Fred and Burt are lost in a maze. Fred decides that enough is enough and starts running. He’s pretty sure that if he runs fast enough he can find the way out. But this isn’t what happens. Within an hour he is back where he started, out of breath and angry. Meanwhile Burt has pulled out some paper and started to draw a map. When he goes wrong he knows why and heads back to the junction where he took a wrong turn. Within an hour he has slowly but surely mapped enough of the maze to find his way out.
This may seem like a bit of a silly story, but the logic of it transfers to the education system (and to most other situations) pretty easily. Energy, activity and endless innovation are admirable, but only in as far as they lead you forwards. If you don’t notice what is going wrong and learn from the past you will end up making the same mistake over and over again.

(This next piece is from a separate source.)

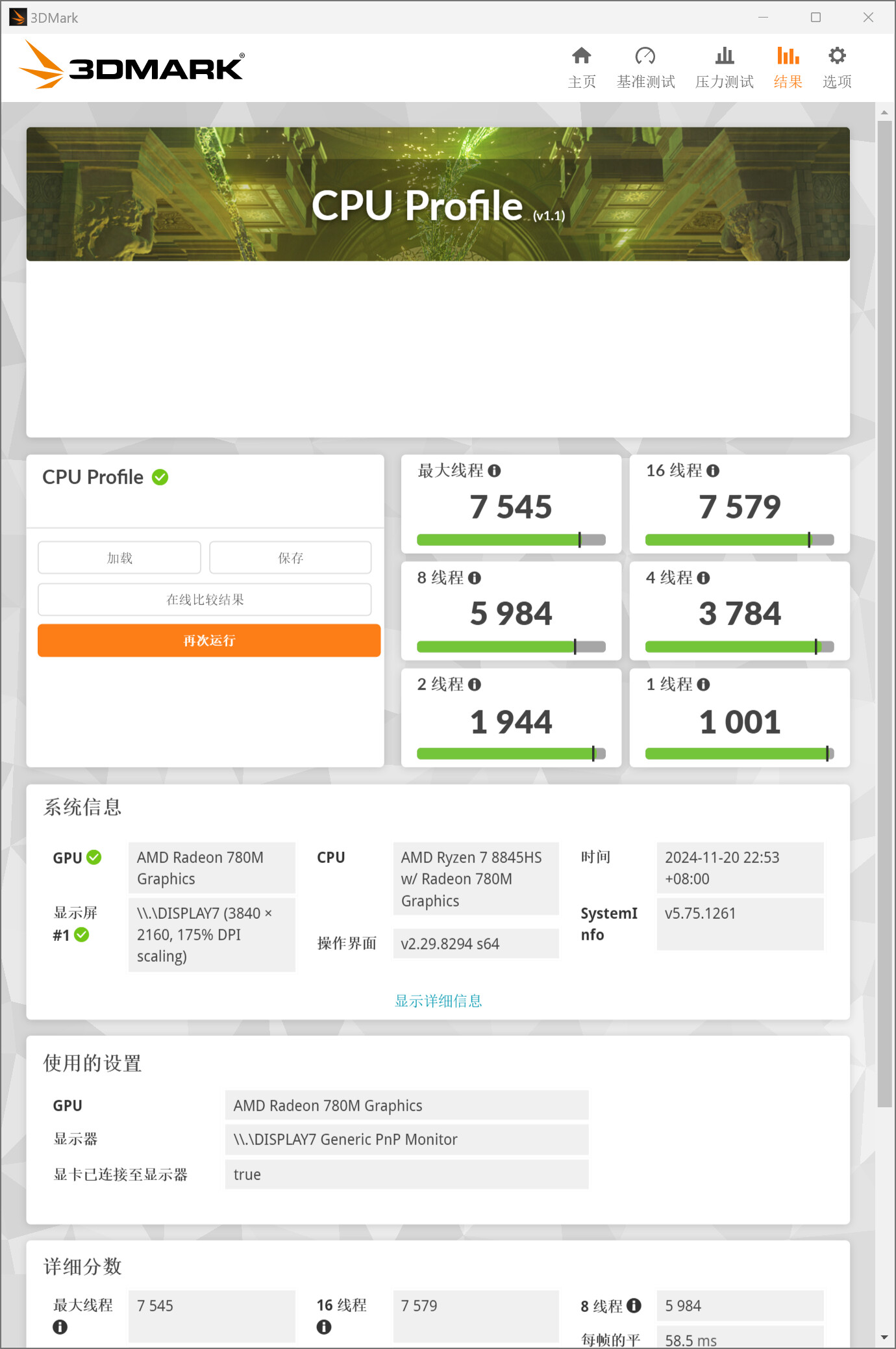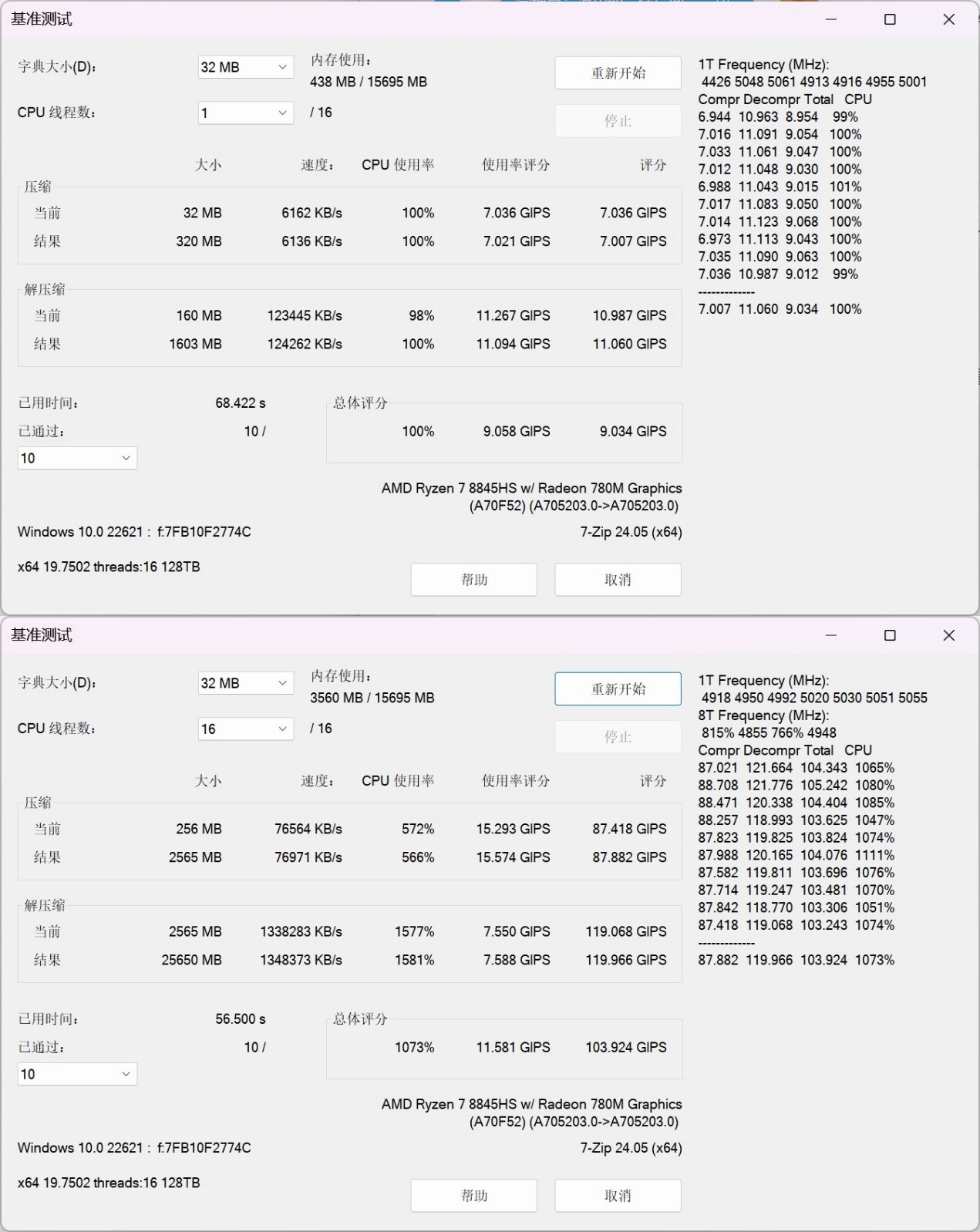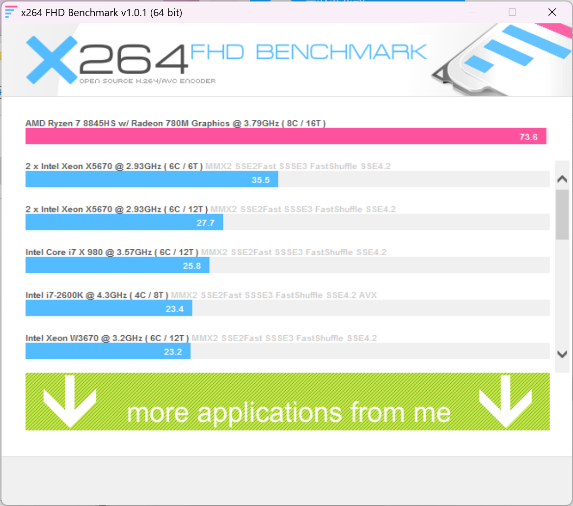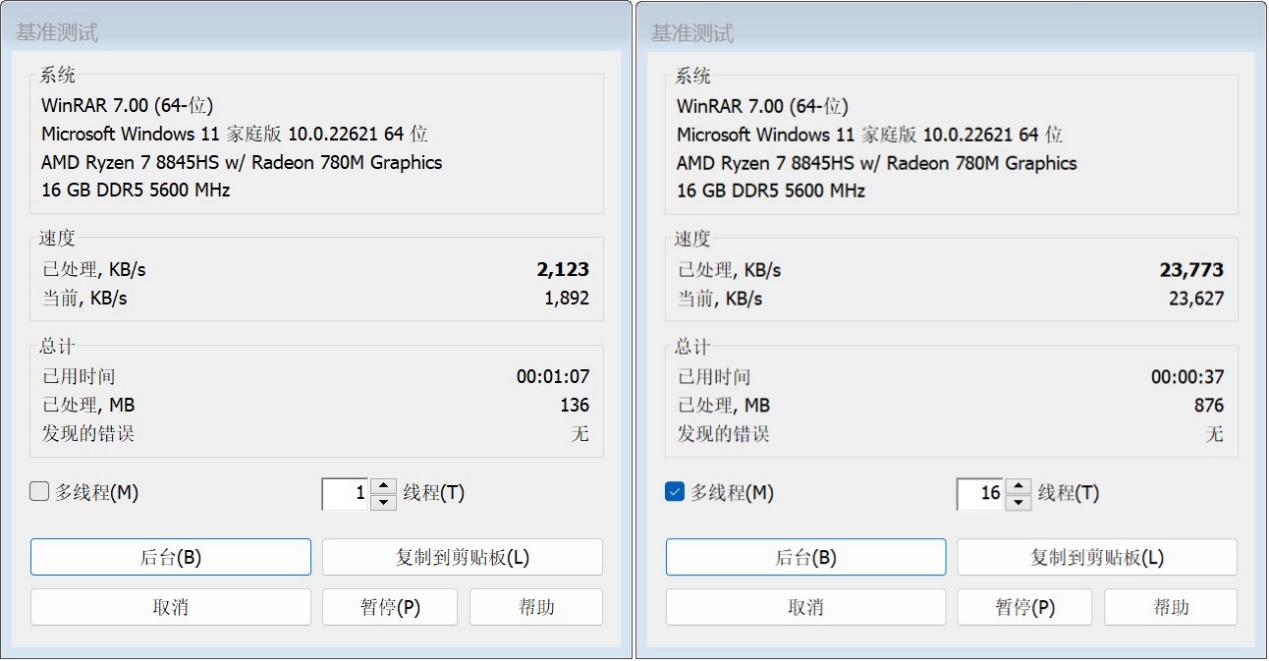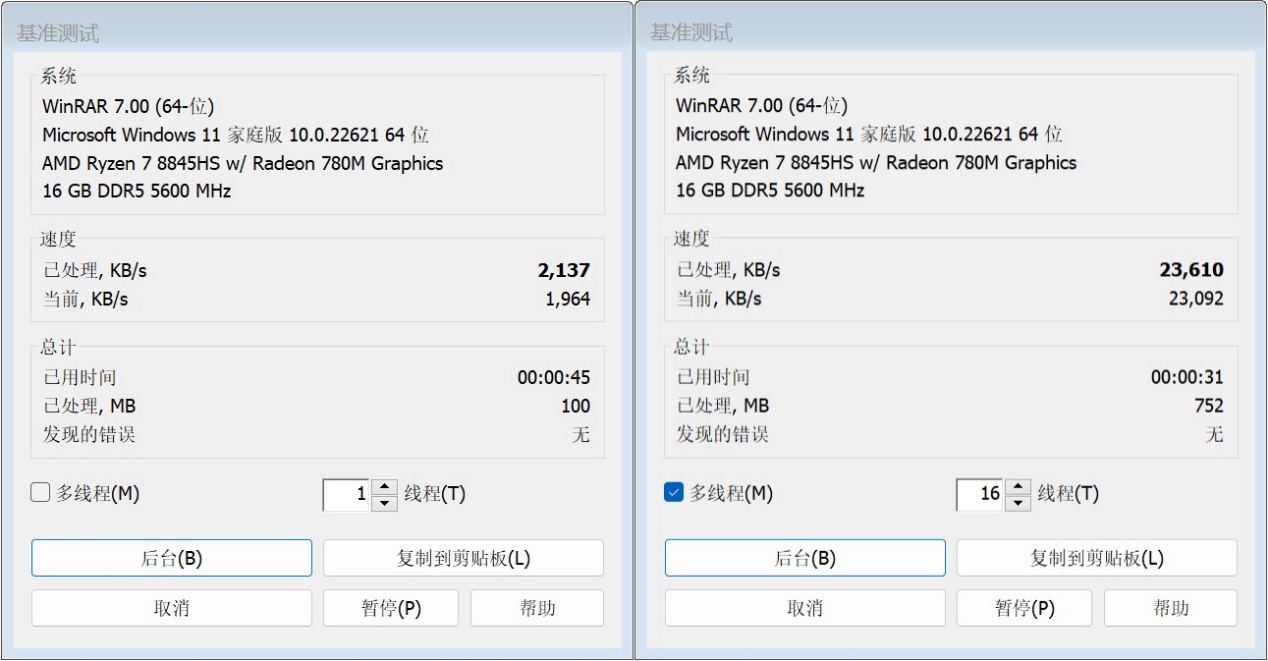 ▲CPU-Z测试分数;单线程706.4,多线程7064.9 ▲WINRAR 7.00单线程和多线程测试 ▲7-Zip 24.05单线程和多线程测试 ▲Geekbench 6测试,单核心分数为2623,多核心分数为12022 ▲CINEBENCH R23测试,单核心分数为1720pts,多核心分数为16265pts ▲CINEBENCH 2024测试,单核心分数为108pts,多核心分数为952pts ▲V-Ray Benchmark得分16410 ▲x264 FHD Benchmark,x264视频编码测试程序。AMD Ryzen 7 8845HS每秒可渲染73.6帧 ▲3DMark CPU Profile测试,可以测试CPU在不同线程下的性能表现 ▲PCMARK 10分数7324;常用基本功能得分10451,生产力得分10310,数位内容创作得分9893 ▲数据汇总温度和功耗

Some people might argue that they already know what the right answer is when it comes to their practice and to career guidance. But, part of a commitment to evidence is recognising that you might be wrong and that the evidence provides you with a tool for re-examining your beliefs and allowing you to improve your practice. To take another silly example, you might be 100% sure that you left your car keys in your jacket pocket, but the evidence suggests that this isn’t the case. An intense period of research and experimentation (frantically turning out all of your cupboards and trouser pockets) enables you to find the keys (for some reason you’d put them in the knife and fork drawer). Evidenced based practice is not about saying how you think the world is or how you want the world to be, it is about finding out how it actually works.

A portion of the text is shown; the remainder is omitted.